Bash Compactor: Beat Happening

| 11 Nov 2014 | 02:10

    John Chandler, a dead-ringer for the Kool- Aid guzzling preacher Jim Jones, led a psychedelic gospel band, kicking off all sorts of wild-eyed shenanigans at Spiegelworld last Thursday night. Thick-fingered, hyperkinetic Mike Edison (pictured)—a former High Times and Screw editor—had brought in the cultist lookalike as well as Jon Spencer, formerly of Pussy Galore and Boss Hog, and other lounge lizards to noodle jazzy riffs and hit high-hats.

    Readers including the pillow-lipped Rachel Shutkart and Happy Ending Reading Series honcho Amanda Stern,who swore she wasn’t drinking but couldn’t resist sneaking sips of whiskey from a neighbor’s glass, fronted the band, regaling the crowd with tales of hysterical teen madness. I rapped about fiction’s awful state with Jonathan Ames as Shutkart read about pissing her boyfriend’s sheets in a rhythmic, beat style.

    “He just told me fiction’s dead, Amanda,” Ames deadpanned. He crooked an elegantly manicured, Princeton-class-ringencircled finger in my direction and I noted my surprise at the whore-and-booze obsessed Ivy grad’s cred. He showed me another lean digit, lumped and gnarled at the nub.“It’s a weird disease that only affects alcoholics and Italians.”With that, he climbed up on stage, told the band they were too loud and then launched into an inspired, off-the-cuff rant about puberty. Smiling wolfishly, he started spinning around like a nebbishy bullfighter and brought down his crescendo: “That’s why you shouldn’t whack off in front off your mom.” Spencer hammered a high octave on his Telecaster.

    Soon enough we were all kicked out into the chilly moonlit night. We downed our $9 pints and packed off to a bar across the street.

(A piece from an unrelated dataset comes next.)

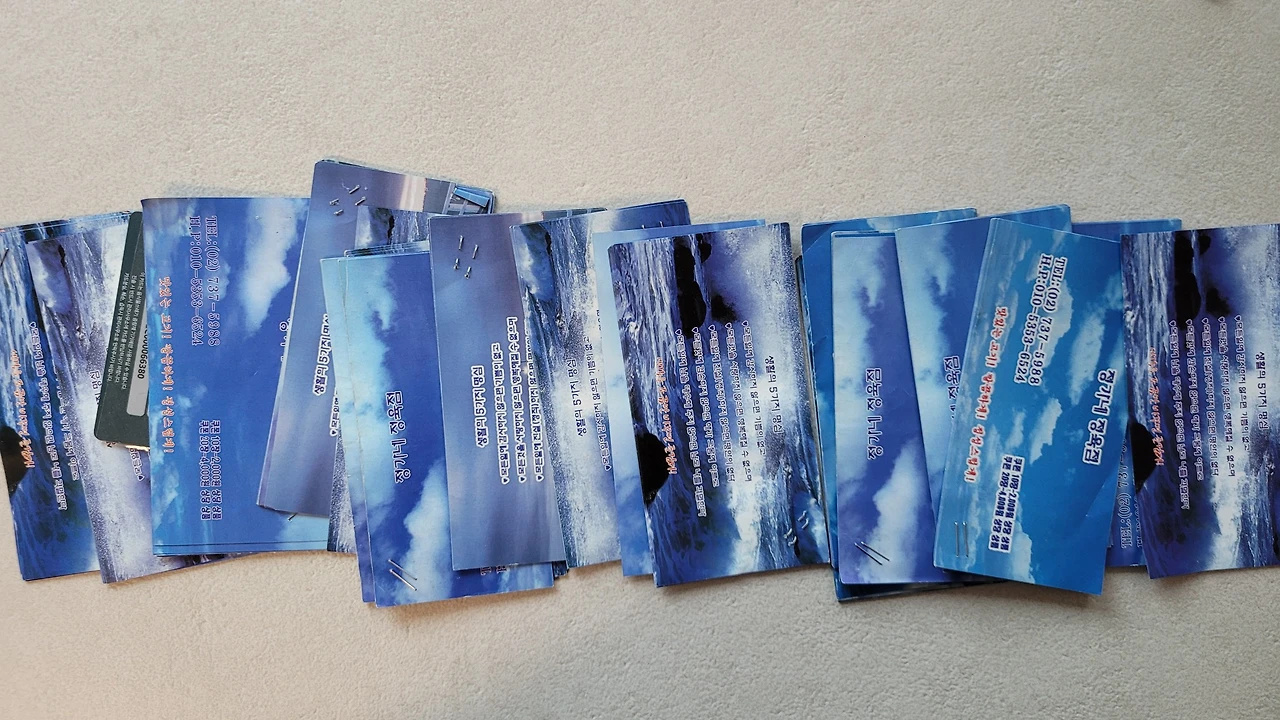 한 장에 200원짜리를 저렇게 스테이플러로 거칠게 찍으셔서 주십니다.

    Intellectually spent, Ames was more relaxed. “I’ve played a role the couple of times I’ve met you, and basically I’m just scared,” he said gently, while pulling his newsboy cap below his eyes.A big-breasted young admirer flashed him, but he didn’t seem interested. Soon enough Edison busted through the bar door, yelping “Friggin in the Riggin,” a bawdy sea-shanty made famous by the Pistols.

    It was time to find out who fathered this success. “You write, for the Press? I wrote for the Press back in the late ‘80s,” he said, gulping Maker’s Mark. “It was douchebag money!”